New Zealand declares seclusion rooms are unreasonable and oppressive

The seclusion room door

In December 2017, New Zealand’s Chief Ombudsman ruled that a school should pay $3000 and issue a formal apology to the family of an 11-year-old autistic child who was put in a “seclusion room” 13 times in nine days. The seclusion room was a dark cell, without windows or light. The treatment of the child came to his parents’ attention, and then to that of the public, when a behavior therapist came to the school, and found the child alone, unmonitored, and crying for help. That was in October 2016. Soon after, it was “discovered” that the use of seclusion rooms was fairly common in so-called special schools across New Zealand. In November 2016, the Education Minister proposed banning the use of seclusion rooms in schools. That became law in early 2017.  At the end of 2017, New Zealand’s Chief Ombudsman declared the school had acted “unreasonably and oppressively”. Later the Ombudsman explained, “I just think we’ve got to be careful and sensitive about those times when the going gets tough and when we need to, in schools, manage difficult, challenging behaviour like this. This report of ours is a reminder of the need for dignity and humanity at all times and it’s just something we should never ever forget and we should not take our eye off the ball.”

While the decision of the Ombudsman is a positive result, why does it take so much effort to recognize that seclusion rooms are an affront to dignity and humanity? As the Chief Ombudsman noted in his decision, the result only occurred because the child’s parents were furious when they discovered how their child was being abused and, critically, raised a ruckus. Why must parents raise a ruckus to have their children treated decently and humanely?

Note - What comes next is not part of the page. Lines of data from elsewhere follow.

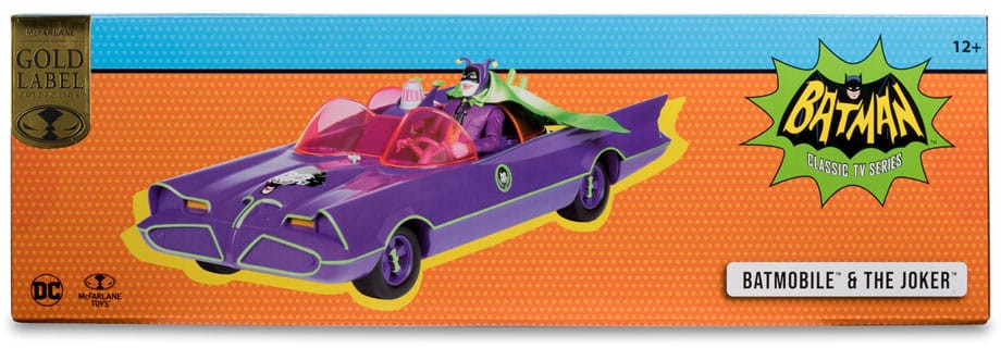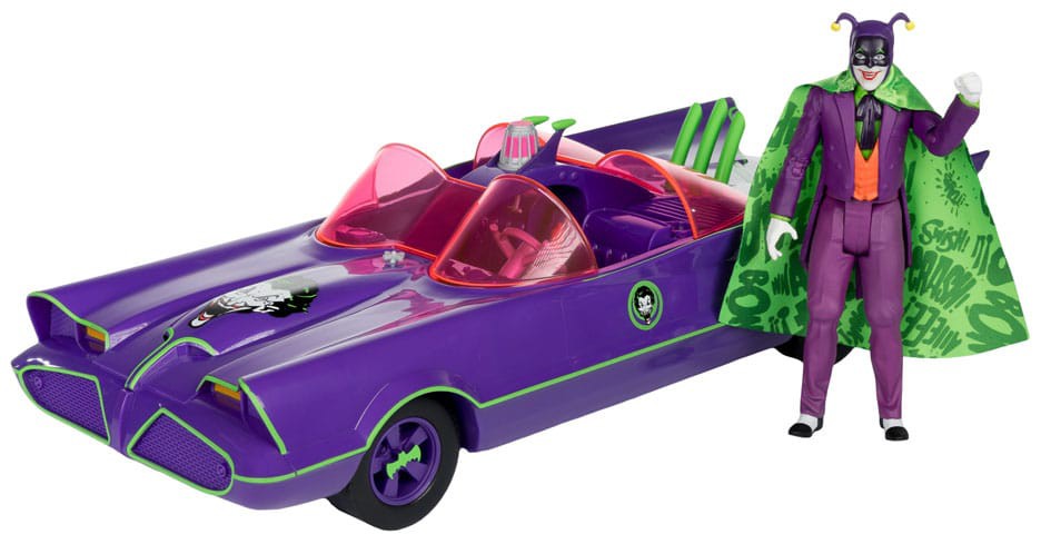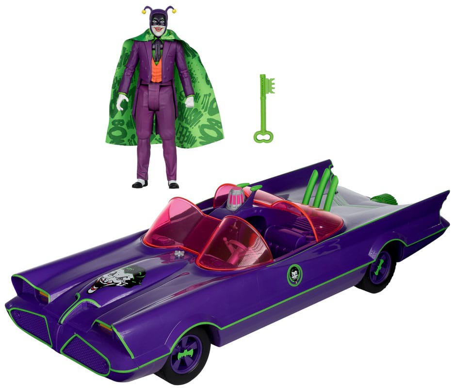 Esitä kysymyksesi tuotteesta "DC Retro: Batman 66 - Batmobil with Joker (Gold Label)".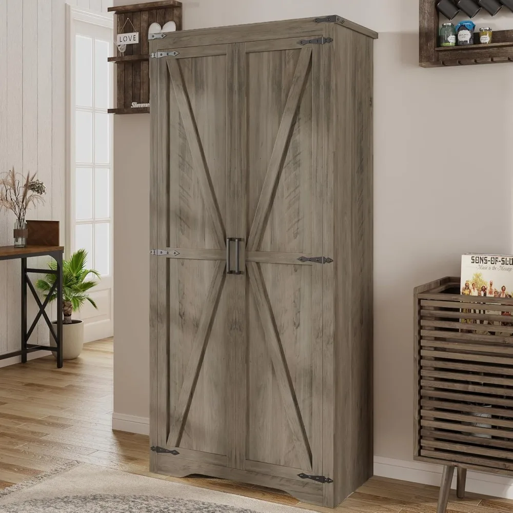 Farmhouse Rustic Grey Storage Cabinet with Adjustable Shelves, Large Pantry Organize with 2 Barn Doors, Tall Freestanding Cabinet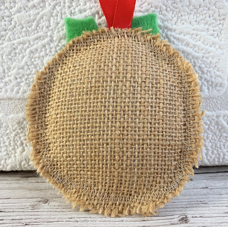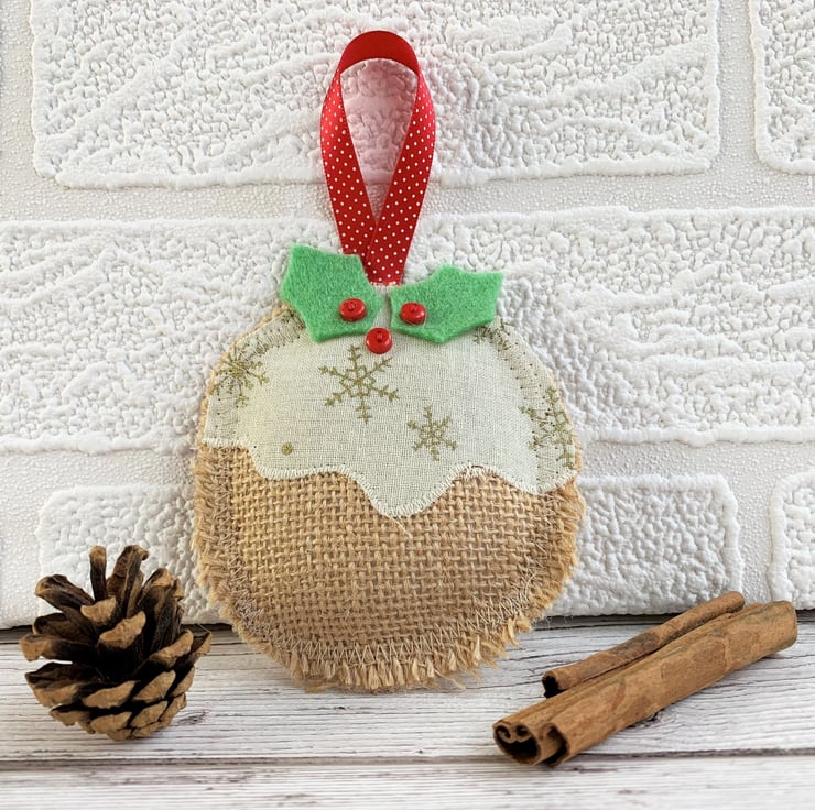 A delightful Christmas pudding rustic hanging Christmas decoration. This lovely Christmas decoration is the last one from my previous Rustic Christmas range and is reduced to clear. The Christmas pudding is made from hessian with a topping made from cream fabric with a pattern of gold snowflakes. I've added two holly leaves, which I've hand cut from green felt, and three tiny red buttons as holly berries. The Christmas decoration has a red hanging ribbon with white polka dots. The decoration is lightly padded and is filled with polyester hollow fibre filling which conforms to safety regulations.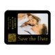 Spara Snyggten Date Black Guld Script Modern Bröllop Magnets har en svart bakgrund med anpassningsbarnas foto. Anpassa texten genom att redigera texten i de angivna textrutorna och lägga till webbadressen för anpassningsbarna QR-kod. Designad för dig ©Evco Studio www.zazzle.com/store/evcostudio
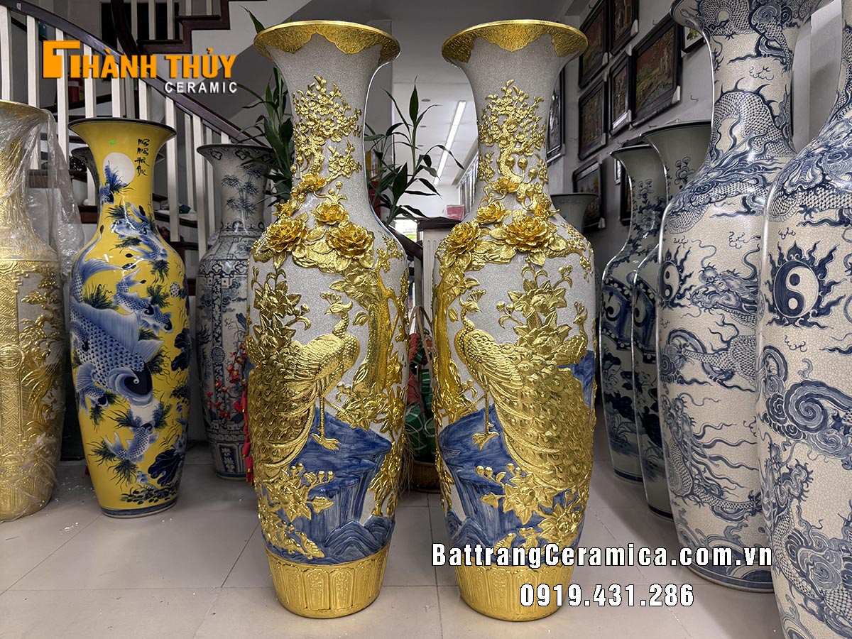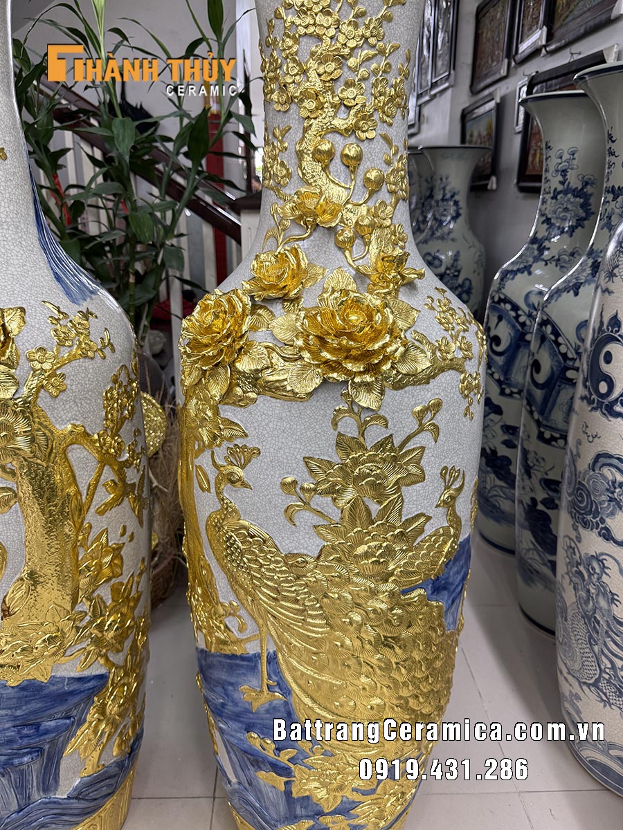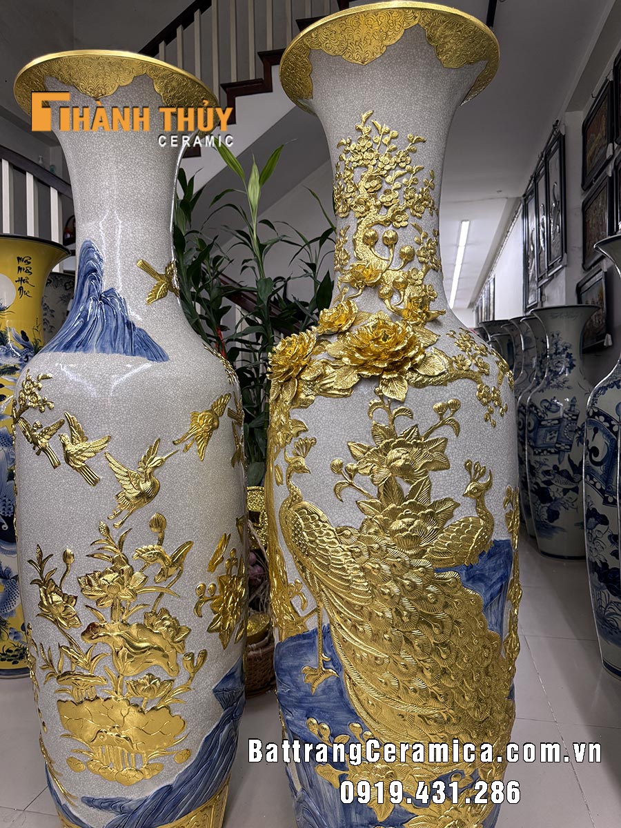 Lộc bình dát vàng cao cấp Công Đào 1m4 là dòng lộc bình đắp nổi của Bát Tràng. Đôi lọ lục bình sứ này được đắp nổi thủ công vô cùng tinh sảo, bố cục đẹp nhấn nháy như 1 tác phẩm điêu khắc hoàn chỉnh. Đặc biệt những chi tiết chính trên thân bình được dát vàng, tạo thêm sự sang trọng đẳng cấp cho gia chủ.

This isn’t only about minors. Ashley Peacock is an adult living with intellectual disability, autism and mental illness. Under New Zealand’s Mental Health Act, Ashley Peacock was a compulsory, institutionalized patient. In that capacity, Ashley Peacock had been placed in solitary confinement, “seclusion rooms,” for years on end. In 2016, his parents started a national and international campaign to get their son out of the hellhole of solitary confinement and into more appropriate community based services. In 2016, Ashley Peacock was 38 years old. He had spent ten years in “care” institutions. Most of that time, he spent in isolation. In 2017, Ashley Peacock was moved to a community location. In December 2017, New Zealand announced it would phase out seclusion rooms in psychiatric institutions within two years.

Advocates for autistic children worry that, despite the law, schools might still use seclusion rooms. Consider this: no one knows how many hours that eleven-year-old child spent in solitary confinement, crying and pleading for help, because there are no records kept. In other schools, teachers refused to talk to police about their use of seclusion rooms. Hopefully, New Zealand will invest in enforcement of the new laws, but more will be needed. We must ask ourselves about our investment in torture that passes for education, on one hand, and for care, on the other. Why should parents have to be furious in order to keep their children, at all ages, from being tortured? When did solitary confinement become an integral part of education? When did the vulnerable become the execrable, the cursed?